Пару дней назад, когда Миша уже более-менее обжился, но Паши её и в помине не было, они все вместе гуляли по улице Ленина, изредка обращая внимание на проходящих мимо людей, на зазывающие своими красочными вывесками кафе, рестораны, магазины, лавки. К тому времени уже достаточно похолодало и Лиза, снявшая перед прогулкой маску, зябла от холода. Ника и Женя держались отстранённо, но от кого именно — от Мишки с Лизой или друг от друга — ещё предстояло выяснить. Миша сам за собой холода не чувствовал, чувствовал только какую-то щемящую тоску в области груди, которая расплывалась по всем его органам и не давала вздохнуть, чтобы не обжечься.
Ему хотелось поддержать Лизу, но у него не было ничего, что могло бы согреть её. До этого он купил ей стаканчик кофе, который она выпила судорожно, будто боялась, что он остынет раньше, чем она согреется. Ненадолго это помогло. Только потом её тело — маленькое, хрупкое тело — вновь начало мёрзнуть. Лиза стоически терпела их прогулку, во время которой они практически не разговаривали, лишь Ника бросала какие-то фразочки в воздух. По их компании можно понять, что все они друг другу, несмотря на общее дело, люди совершенно чужие. По крайней мере, Миша так думал до окончания этой самой прогулки.
Ему было невдомёк, что их молчание — не невозможность найти общий язык, а лишь безмолвное соглашение друг с другом — абсолютное понимание, которое не через слова происходит.
Через прикосновения. Через взгляды. Через жесты.
Миша не спрашивал, куда они идут, потому что знал, что так надо. Они идут туда, где им будет хорошо. Тепло, возможно. Даже, если они не смогут тогда поговорить, они попытаются, по крайней мере, друг друга понять.
Кафе «Umbrella» — словно чёрное пятно на яркой улице, где преобладает жёлтый, по большей части бледный, но и не только он. Миша считал эту улицу самой безопасной и самой спокойной, хотя гулять вдоль её разномастных домиков надоело уже давно.
Всмотрелся вперёд, а там всё было таким обычным, таким привычным, таким орловским. Конечно, Миша не ждал кардинальных изменений от этого города, но эти пейзажи стали слишком привычны.
Ника шепнула что-то Лизе, та хихикнула, и Миша понял, что всё-таки они ещё не потеряли нить с чем-то живым, человеческим.

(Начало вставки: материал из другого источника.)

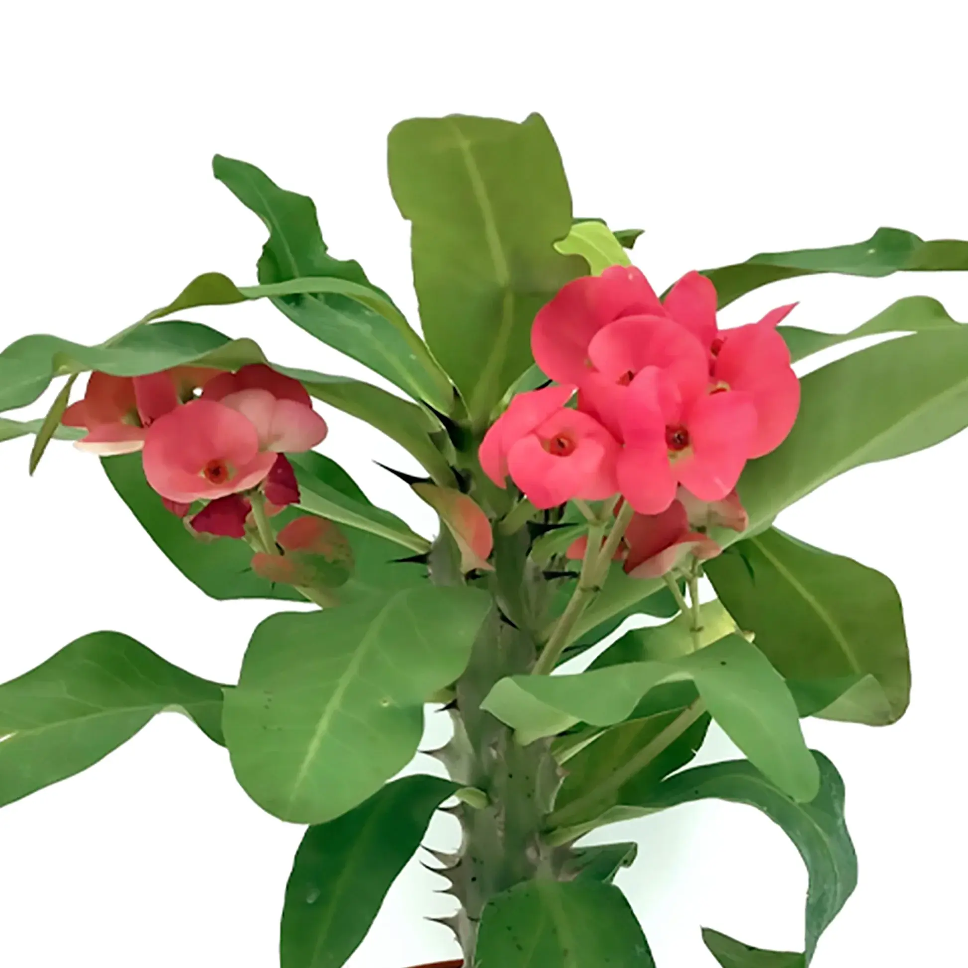 Euphorbia milii is a cactus plant that fits very well on a sunny balcony. It produces red flowers when the right light conditions are achieved.

Взглянул направо, а там вновь желтизна, жёлтая, но не насыщенная, скорее выцветшая, пренеприятная. Там арка, выкрашенная в бледно-розовый цвет; на той арке небрежно нарисован портрет Андреева, того самого, который «Кусаку» написал, ну, «Ангелочка» ещё, последний рассказ и самого Мишку напоминает, хотя бы потому, что он тоже нуждается в любви. Его родители, Сашкины, Мишкины, все они — пустые, хоть и жалкие. Им действительно требуется помощь, но не такая, какую оказывают в клиниках, а другая. Помощь под названием «Внимание».
Справа от портрета, на другой стороне арки написаны строчки о том самом городе, где Мишке довелось родиться. Мишка пригляделся к этим строчкам, и понял кое-что.
Его город слишком самолюбив. Его город гордится сам собой, точнее, достаёт последние крупицы того, чем ещё можно гордиться. Досконально, до самой последней, он выгребает эти сокровища размером с сахарные гранулы, чтобы потом рассыпать по всем улицам. Чтобы было, чем гордиться.
И гордится ведь чем-то старым, Тургеневым ли, Лесковым ли, Андреевым ли, а нового ничего предложить не может, время не то сейчас. Литературой прославляться сейчас глупо. Литература ведь изжила себя давным-давно, и даже литературная столица — о, Господи, словосочетание-то какое, — никого, кроме своих столетних литераторов, больше не признаёт. Не признает.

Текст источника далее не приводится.